REQUIREMENT:
Print out the complete set of records below, exactly as they read.

Stored records
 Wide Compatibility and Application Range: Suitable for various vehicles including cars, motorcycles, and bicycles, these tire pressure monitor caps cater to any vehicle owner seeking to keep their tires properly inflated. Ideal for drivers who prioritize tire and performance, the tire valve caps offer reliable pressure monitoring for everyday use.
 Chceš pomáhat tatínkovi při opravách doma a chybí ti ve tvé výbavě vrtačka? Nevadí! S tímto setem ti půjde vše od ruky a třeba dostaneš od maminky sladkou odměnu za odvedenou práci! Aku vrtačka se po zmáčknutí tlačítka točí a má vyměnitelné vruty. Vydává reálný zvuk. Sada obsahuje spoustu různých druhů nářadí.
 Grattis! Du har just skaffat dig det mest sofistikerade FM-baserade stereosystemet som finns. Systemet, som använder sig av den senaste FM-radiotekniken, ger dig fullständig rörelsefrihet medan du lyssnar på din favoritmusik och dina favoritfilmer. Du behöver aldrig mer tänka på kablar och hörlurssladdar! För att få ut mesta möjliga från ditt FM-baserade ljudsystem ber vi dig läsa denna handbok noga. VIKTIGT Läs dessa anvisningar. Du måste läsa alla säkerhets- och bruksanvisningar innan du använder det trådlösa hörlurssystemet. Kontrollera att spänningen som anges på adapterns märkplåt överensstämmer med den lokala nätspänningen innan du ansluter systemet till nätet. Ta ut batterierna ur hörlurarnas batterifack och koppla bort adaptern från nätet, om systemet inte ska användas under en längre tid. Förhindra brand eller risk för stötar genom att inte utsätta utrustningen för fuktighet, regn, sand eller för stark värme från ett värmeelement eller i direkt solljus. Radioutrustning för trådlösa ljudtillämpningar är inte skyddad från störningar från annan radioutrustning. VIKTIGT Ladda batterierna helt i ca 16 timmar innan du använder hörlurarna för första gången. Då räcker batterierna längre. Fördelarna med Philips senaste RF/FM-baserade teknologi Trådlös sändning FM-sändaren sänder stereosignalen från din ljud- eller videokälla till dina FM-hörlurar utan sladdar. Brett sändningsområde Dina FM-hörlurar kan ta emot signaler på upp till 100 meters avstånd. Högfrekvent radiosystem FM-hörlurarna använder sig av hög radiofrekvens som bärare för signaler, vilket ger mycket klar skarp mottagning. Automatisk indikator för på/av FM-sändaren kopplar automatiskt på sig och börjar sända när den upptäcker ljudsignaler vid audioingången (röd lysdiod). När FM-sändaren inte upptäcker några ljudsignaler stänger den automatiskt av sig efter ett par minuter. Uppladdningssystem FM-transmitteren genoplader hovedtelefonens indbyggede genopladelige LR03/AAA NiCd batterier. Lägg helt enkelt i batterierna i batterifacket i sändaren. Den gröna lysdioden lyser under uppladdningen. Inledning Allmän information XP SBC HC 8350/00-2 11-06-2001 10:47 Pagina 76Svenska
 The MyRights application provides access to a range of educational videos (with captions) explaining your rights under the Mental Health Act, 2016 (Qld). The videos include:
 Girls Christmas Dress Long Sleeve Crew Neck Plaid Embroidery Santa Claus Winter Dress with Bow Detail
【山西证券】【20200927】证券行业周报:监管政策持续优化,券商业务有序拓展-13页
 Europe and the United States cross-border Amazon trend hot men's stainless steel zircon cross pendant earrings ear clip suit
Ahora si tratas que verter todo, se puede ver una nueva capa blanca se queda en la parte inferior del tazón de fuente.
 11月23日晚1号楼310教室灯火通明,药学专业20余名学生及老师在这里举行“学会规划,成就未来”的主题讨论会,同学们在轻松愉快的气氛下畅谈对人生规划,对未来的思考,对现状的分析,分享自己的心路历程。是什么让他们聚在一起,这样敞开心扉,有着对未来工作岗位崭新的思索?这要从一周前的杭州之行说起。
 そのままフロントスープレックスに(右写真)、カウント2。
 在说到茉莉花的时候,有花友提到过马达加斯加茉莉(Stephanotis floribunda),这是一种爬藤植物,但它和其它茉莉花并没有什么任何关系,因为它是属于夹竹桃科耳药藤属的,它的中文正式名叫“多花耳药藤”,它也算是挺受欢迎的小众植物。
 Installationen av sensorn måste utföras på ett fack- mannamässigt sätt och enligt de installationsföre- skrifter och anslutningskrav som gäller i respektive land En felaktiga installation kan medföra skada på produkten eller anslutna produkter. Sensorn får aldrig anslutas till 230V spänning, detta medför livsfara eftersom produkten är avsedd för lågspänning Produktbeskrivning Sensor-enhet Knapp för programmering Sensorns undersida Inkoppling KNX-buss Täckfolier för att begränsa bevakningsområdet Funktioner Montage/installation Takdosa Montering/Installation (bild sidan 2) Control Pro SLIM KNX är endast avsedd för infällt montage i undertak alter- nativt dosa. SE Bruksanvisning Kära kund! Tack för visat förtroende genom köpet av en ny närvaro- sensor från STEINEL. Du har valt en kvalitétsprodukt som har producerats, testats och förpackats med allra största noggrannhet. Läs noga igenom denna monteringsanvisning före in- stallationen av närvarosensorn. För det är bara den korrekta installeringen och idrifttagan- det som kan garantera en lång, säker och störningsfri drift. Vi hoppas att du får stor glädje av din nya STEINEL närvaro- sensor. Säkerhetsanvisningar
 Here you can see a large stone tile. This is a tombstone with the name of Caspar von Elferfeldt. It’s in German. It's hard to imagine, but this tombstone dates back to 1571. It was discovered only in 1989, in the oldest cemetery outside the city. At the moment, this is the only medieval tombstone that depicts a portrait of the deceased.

EXERCISE RESULT:
 Wide Compatibility and Application Range: Suitable for various vehicles including cars, motorcycles, and bicycles, these tire pressure monitor caps cater to any vehicle owner seeking to keep their tires properly inflated. Ideal for drivers who prioritize tire and performance, the tire valve caps offer reliable pressure monitoring for everyday use.
 Chceš pomáhat tatínkovi při opravách doma a chybí ti ve tvé výbavě vrtačka? Nevadí! S tímto setem ti půjde vše od ruky a třeba dostaneš od maminky sladkou odměnu za odvedenou práci! Aku vrtačka se po zmáčknutí tlačítka točí a má vyměnitelné vruty. Vydává reálný zvuk. Sada obsahuje spoustu různých druhů nářadí.
 Grattis! Du har just skaffat dig det mest sofistikerade FM-baserade stereosystemet som finns. Systemet, som använder sig av den senaste FM-radiotekniken, ger dig fullständig rörelsefrihet medan du lyssnar på din favoritmusik och dina favoritfilmer. Du behöver aldrig mer tänka på kablar och hörlurssladdar! För att få ut mesta möjliga från ditt FM-baserade ljudsystem ber vi dig läsa denna handbok noga. VIKTIGT Läs dessa anvisningar. Du måste läsa alla säkerhets- och bruksanvisningar innan du använder det trådlösa hörlurssystemet. Kontrollera att spänningen som anges på adapterns märkplåt överensstämmer med den lokala nätspänningen innan du ansluter systemet till nätet. Ta ut batterierna ur hörlurarnas batterifack och koppla bort adaptern från nätet, om systemet inte ska användas under en längre tid. Förhindra brand eller risk för stötar genom att inte utsätta utrustningen för fuktighet, regn, sand eller för stark värme från ett värmeelement eller i direkt solljus. Radioutrustning för trådlösa ljudtillämpningar är inte skyddad från störningar från annan radioutrustning. VIKTIGT Ladda batterierna helt i ca 16 timmar innan du använder hörlurarna för första gången. Då räcker batterierna längre. Fördelarna med Philips senaste RF/FM-baserade teknologi Trådlös sändning FM-sändaren sänder stereosignalen från din ljud- eller videokälla till dina FM-hörlurar utan sladdar. Brett sändningsområde Dina FM-hörlurar kan ta emot signaler på upp till 100 meters avstånd. Högfrekvent radiosystem FM-hörlurarna använder sig av hög radiofrekvens som bärare för signaler, vilket ger mycket klar skarp mottagning. Automatisk indikator för på/av FM-sändaren kopplar automatiskt på sig och börjar sända när den upptäcker ljudsignaler vid audioingången (röd lysdiod). När FM-sändaren inte upptäcker några ljudsignaler stänger den automatiskt av sig efter ett par minuter. Uppladdningssystem FM-transmitteren genoplader hovedtelefonens indbyggede genopladelige LR03/AAA NiCd batterier. Lägg helt enkelt i batterierna i batterifacket i sändaren. Den gröna lysdioden lyser under uppladdningen. Inledning Allmän information XP SBC HC 8350/00-2 11-06-2001 10:47 Pagina 76Svenska
 The MyRights application provides access to a range of educational videos (with captions) explaining your rights under the Mental Health Act, 2016 (Qld). The videos include:
 Girls Christmas Dress Long Sleeve Crew Neck Plaid Embroidery Santa Claus Winter Dress with Bow Detail
【山西证券】【20200927】证券行业周报:监管政策持续优化,券商业务有序拓展-13页
 Europe and the United States cross-border Amazon trend hot men's stainless steel zircon cross pendant earrings ear clip suit
Ahora si tratas que verter todo, se puede ver una nueva capa blanca se queda en la parte inferior del tazón de fuente.
 11月23日晚1号楼310教室灯火通明,药学专业20余名学生及老师在这里举行“学会规划,成就未来”的主题讨论会,同学们在轻松愉快的气氛下畅谈对人生规划,对未来的思考,对现状的分析,分享自己的心路历程。是什么让他们聚在一起,这样敞开心扉,有着对未来工作岗位崭新的思索?这要从一周前的杭州之行说起。
 そのままフロントスープレックスに(右写真)、カウント2。
 在说到茉莉花的时候,有花友提到过马达加斯加茉莉(Stephanotis floribunda),这是一种爬藤植物,但它和其它茉莉花并没有什么任何关系,因为它是属于夹竹桃科耳药藤属的,它的中文正式名叫“多花耳药藤”,它也算是挺受欢迎的小众植物。
 Installationen av sensorn måste utföras på ett fack- mannamässigt sätt och enligt de installationsföre- skrifter och anslutningskrav som gäller i respektive land En felaktiga installation kan medföra skada på produkten eller anslutna produkter. Sensorn får aldrig anslutas till 230V spänning, detta medför livsfara eftersom produkten är avsedd för lågspänning Produktbeskrivning Sensor-enhet Knapp för programmering Sensorns undersida Inkoppling KNX-buss Täckfolier för att begränsa bevakningsområdet Funktioner Montage/installation Takdosa Montering/Installation (bild sidan 2) Control Pro SLIM KNX är endast avsedd för infällt montage i undertak alter- nativt dosa. SE Bruksanvisning Kära kund! Tack för visat förtroende genom köpet av en ny närvaro- sensor från STEINEL. Du har valt en kvalitétsprodukt som har producerats, testats och förpackats med allra största noggrannhet. Läs noga igenom denna monteringsanvisning före in- stallationen av närvarosensorn. För det är bara den korrekta installeringen och idrifttagan- det som kan garantera en lång, säker och störningsfri drift. Vi hoppas att du får stor glädje av din nya STEINEL närvaro- sensor. Säkerhetsanvisningar
 Here you can see a large stone tile. This is a tombstone with the name of Caspar von Elferfeldt. It’s in German. It's hard to imagine, but this tombstone dates back to 1571. It was discovered only in 1989, in the oldest cemetery outside the city. At the moment, this is the only medieval tombstone that depicts a portrait of the deceased.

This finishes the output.